Font Size:

“It’s perfect, Andrea.”

The way he said it, quiet, certain, like there was no other possible answer, made my throat tight. I took a sip of water and changed the subject before my eyes did something embarrassing.

“What kind of father do you want to be?”

He was quiet for a while, longer than I expected. The fairy lights caught the line of his jaw, the stubble he hadn’t shaved, the small scar on his eyebrow.

“Present,” he said finally. “My father was a King first. He was good at it, fair, the pack respected him. But I can count on one hand the number of times he was at dinner when I was growing up. He was always somewhere else, handling something, being needed by someone who wasn’t me.”

I watched him trace the edge of his glass with his thumb, the gesture he did when he was thinking hard about something he didn’t want to say out loud.

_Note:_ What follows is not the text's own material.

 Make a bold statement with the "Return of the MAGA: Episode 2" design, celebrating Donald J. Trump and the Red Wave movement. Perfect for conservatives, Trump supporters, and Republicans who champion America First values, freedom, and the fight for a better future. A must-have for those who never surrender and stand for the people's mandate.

“My mother filled the gap with pressure, expectations, plans she made for my life before I was old enough to disagree. I grew up with a schedule instead of a childhood.”

“Finneas...”

“I don’t want your sympathy. I’m telling you so you understand.” He looked at the candle flame. “I don’t want that for Alex. I wantto be there. At breakfast, at bedtime. I want him to know what my voice sounds like when I’m not giving orders.”

“You give a lot of orders.”

“I’m working on it.”

“You told the waiter to adjust the candle placement when we sat down.”

“That was a suggestion.”

“It was an order delivered at suggestion volume.”

His mouth twitched. I was deflecting with humor because what he’d just said, the rawness of it, the image of a little boy eating dinner alone while his father ran a kingdom, had hit me somewhere I wasn’t ready to examine. My parents died when I was fifteen, but before that, before the accident, every single night was dinner together. My dad’s terrible cooking, my mom’s laughter, the porch swing afterward. I grew up knowing what love looked like because it was at the table every night. Finneas grew up knowing what duty looked like and learning that it meant being absent.

I reached across the table and took his hand.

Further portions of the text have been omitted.